The Independent Mind by Unknown

The Independent Mind by Unknown

Author:Unknown
Language: eng
Format: epub
Publisher: OSHO Media International


In a village there were two rival temples. All temples are against each other. If there are different gambling places and pubs in the village there may be no rivalry between them, but if there are temples there is rivalry. It should not be so, but temples have always been against each other. The day there is no rivalry between temples it will be possible to build a temple of God. But as long as there is a rivalry it will not be possible. Until that day it will be called God’s temple, inside the statues will be of God, but the Devil will be hidden inside it. Rivalry is a weapon of the Devil.

So in that village there was rivalry between the two temples. Their rivalry was so strong that the priests would not even look each other in the eye. They were so much against each other that the devotees of one temple would not even go to the other temple. In their scriptures it was written that it is better to die getting crushed under a mad elephant’s feet than to take shelter in the rival’s temple. Visiting the rival’s temple was considered to be worse than dying under a mad elephant’s feet!

The priests of the temples each had a small boy who used to take care of them and do work like bringing vegetables from the market. Since they were small boys, they were not yet in the grip of the disease the old people were suffering from. So sometimes when they met in the street, they would talk to each other.

Older people want to infect small children with their diseases as early as possible. If they don’t, they feel afraid that the children will go astray.

Hence the priests of both temples used to constantly warn their boys: “Beware, never go near the other temple. Never talk to anyone from the other temple.” But children are after all children; they had not yet grown up and were still innocent.
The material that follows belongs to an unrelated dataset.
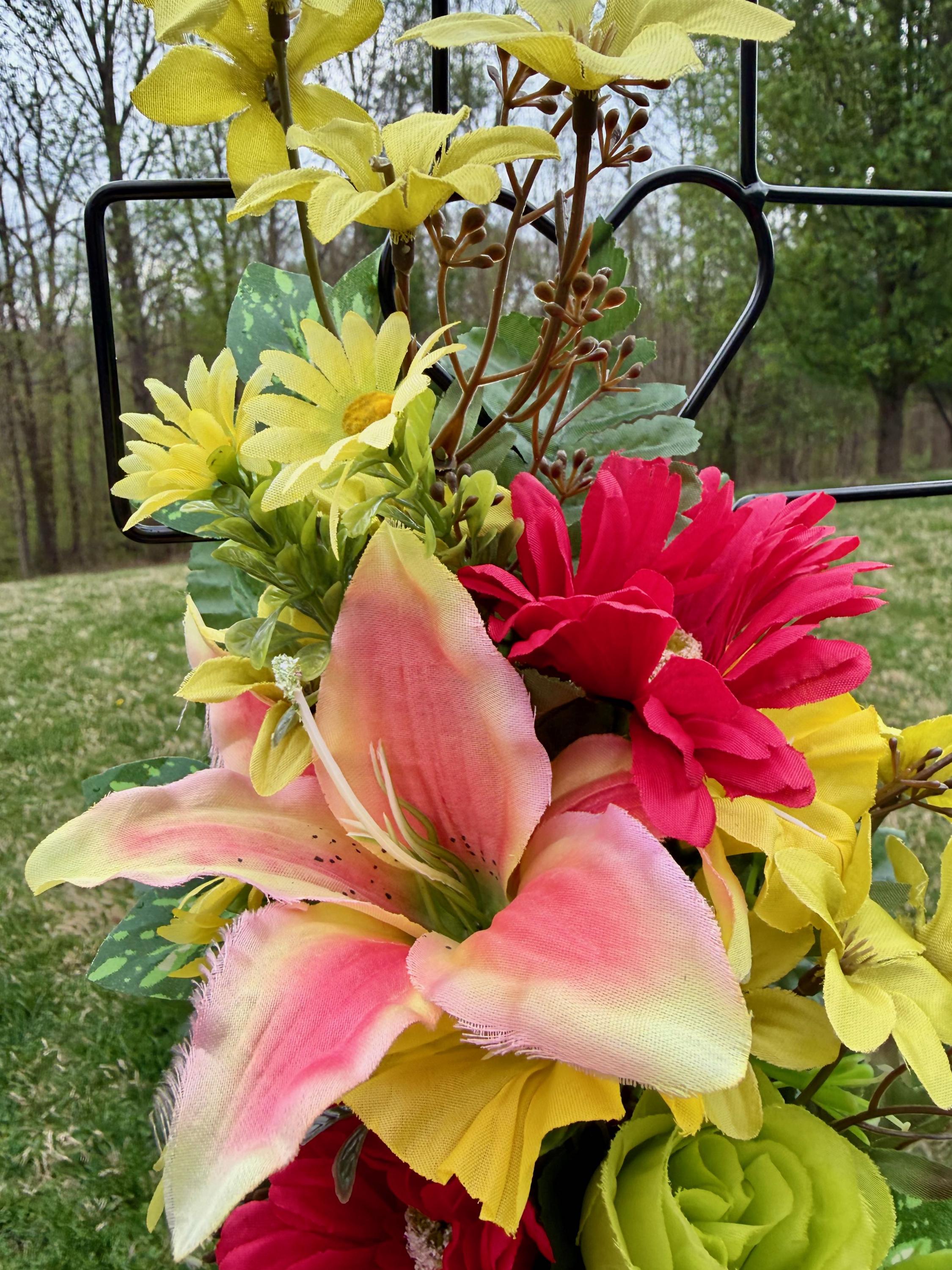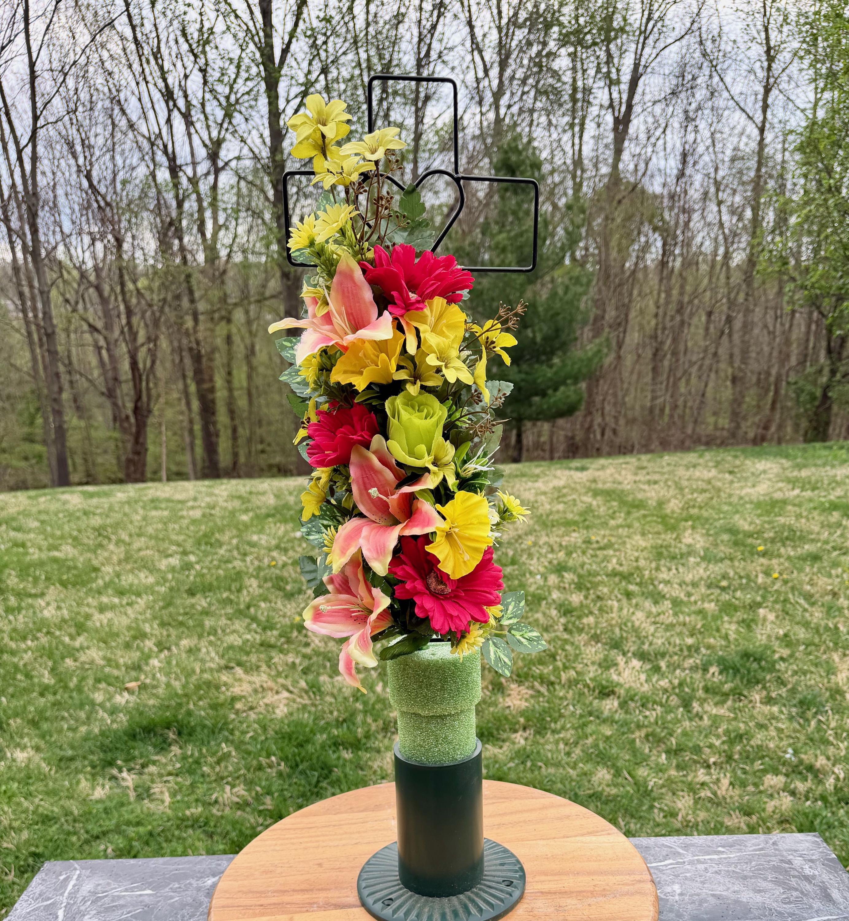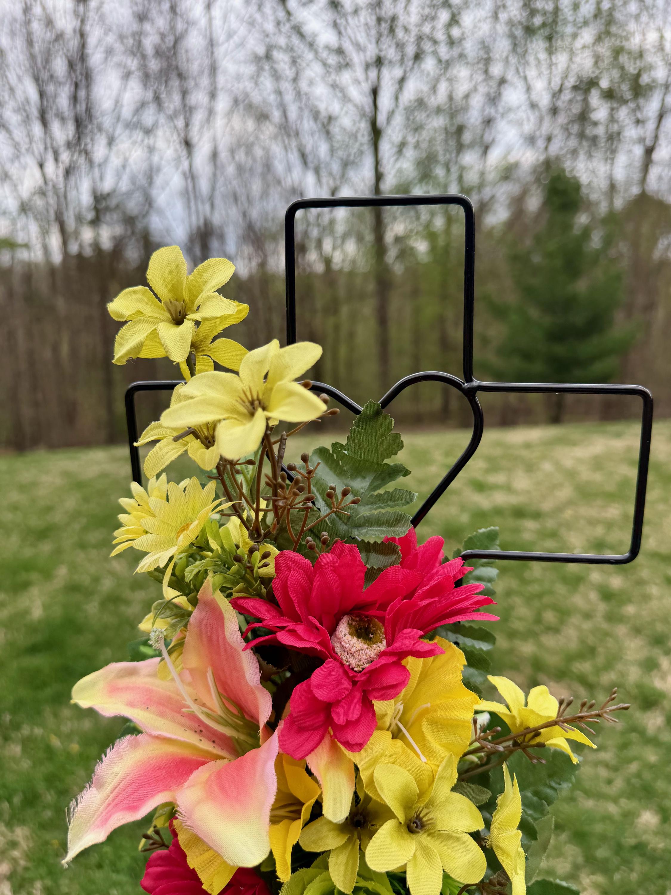 We’re a small, family-operated business consisting of myself, my husband, and my daughter. We personally manage every order and strive for excellent customer service. All our arrangements use high-quality silk flowers, though all silk blooms may fade over time. Each stem is glued into foam to withstand the elements. Designed by M&E uses only premium silks, and we put genuine care into every piece we create. Rest assured, the arrangement shown in our photos is exactly the one you’ll receive, as I design and assemble each one myself. If you’re searching for something unique or have a particular flower, color, or matching vases in mind, please contact me to discuss a custom order.

So occasionally they used to meet each other.

One day both boys were going to the market when they met on the way. The temples had names: one was called the Temple of the South and the other was the Temple of the North. The boy from the Temple of the North asked the other boy, “Where are you going?”

The boy from the Temple of the South answered, “Wherever my feet take me.”

The boy from the northern temple was quite confused. Now how can the conversation go any further? When the other boy said that he was going wherever his feet were taking him, the conversation got stuck.

He came back and told the priest of his temple, “Today I was defeated by the boy from the other temple. I asked him where he was going and he said wherever his feet were taking him. Then I just couldn’t think of anything else to say.”

The priest said, “This is really bad. To be defeated by the servant of that temple is humiliating.